=== Begin Enclosure ===

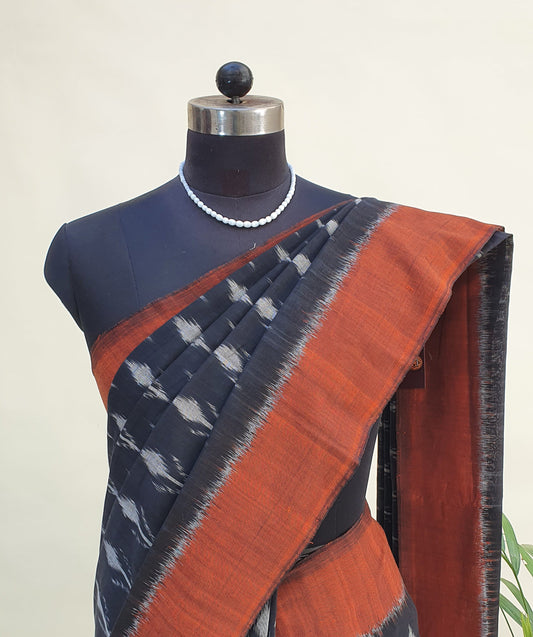 Black & Rust Hand Woven Pochampalli Ikkat Saree
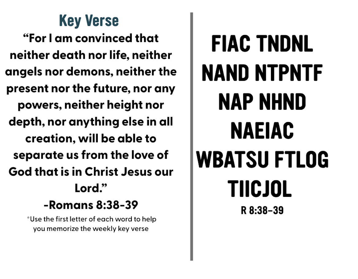 As part of our "More Than" series, we are encouraging you to memorize Scripture! If you are so inclined, we'd love for you to memorize all of chapter 8 of Romans. If not, we would love for you to memorize each week's key verse. The card above is given to help you with your efforts to memorize each week.
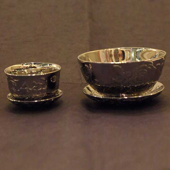 The tableware set includes a cup, a bowl and 2 plates with a stainless steel construction. Each item features a sleek, silvery finish highlighted by embossed patterns, adding an extra touch of style. This tableware set makes a pretty way to enhance your dining table setting.
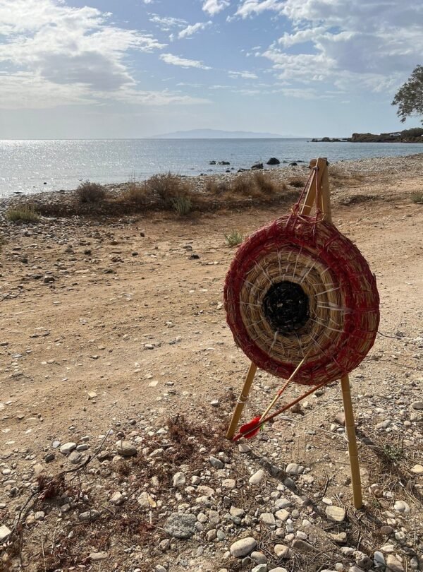Discover the ancient art of instinctive archery in an open field with breathtaking sea views.
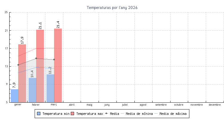 | Mes | Temperatures min | Temperatures max | Mitjana mensual |
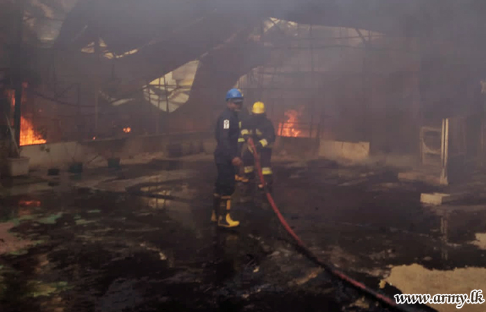 Troops of the 8 Sri Lanka Light Infantry Regiment (SLLI) and 2 Sri Lanka Army Service Corps (SLASC) under command to the Security Force HQ - West provided their fullest support to control the fire that suddenly occurred at Kandana ‘Global Care Products Company (Pvt) Ltd’ on Tuesday (8 August) morning.
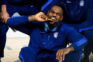 美國籃協(xié)官推曬出詹姆斯代表美國男籃奪金的賽場照并寫道:“祝三屆奧運金牌得主??@詹姆斯 生日快樂!????”
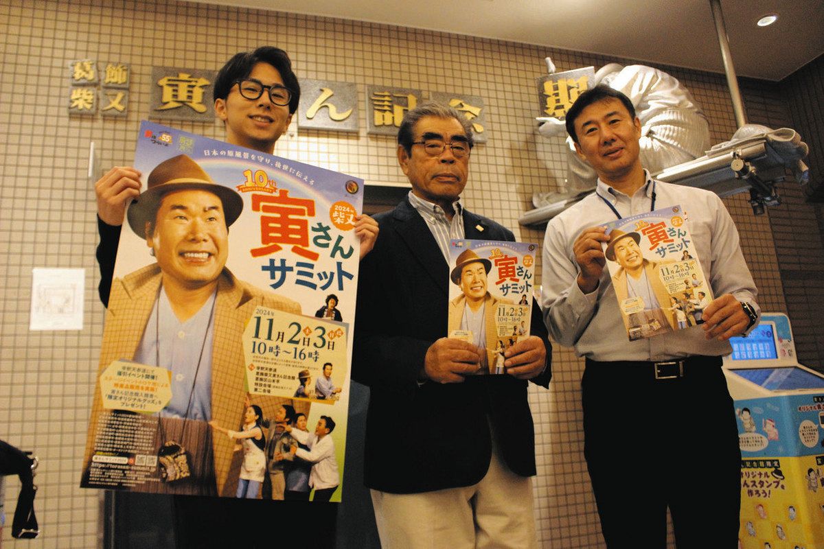 サミットをPRする斉藤勝治会長(中)=葛飾区柴又の寅さん記念館で

=== End Enclosure ===

The material above holds pictures; leave them out. Repeat exactly the lines from the one containing "The tableware set" through the one containing "Discover the ancient", and nothing else.

 The tableware set includes a cup, a bowl and 2 plates with a stainless steel construction. Each item features a sleek, silvery finish highlighted by embossed patterns, adding an extra touch of style. This tableware set makes a pretty way to enhance your dining table setting.
Discover the ancient art of instinctive archery in an open field with breathtaking sea views.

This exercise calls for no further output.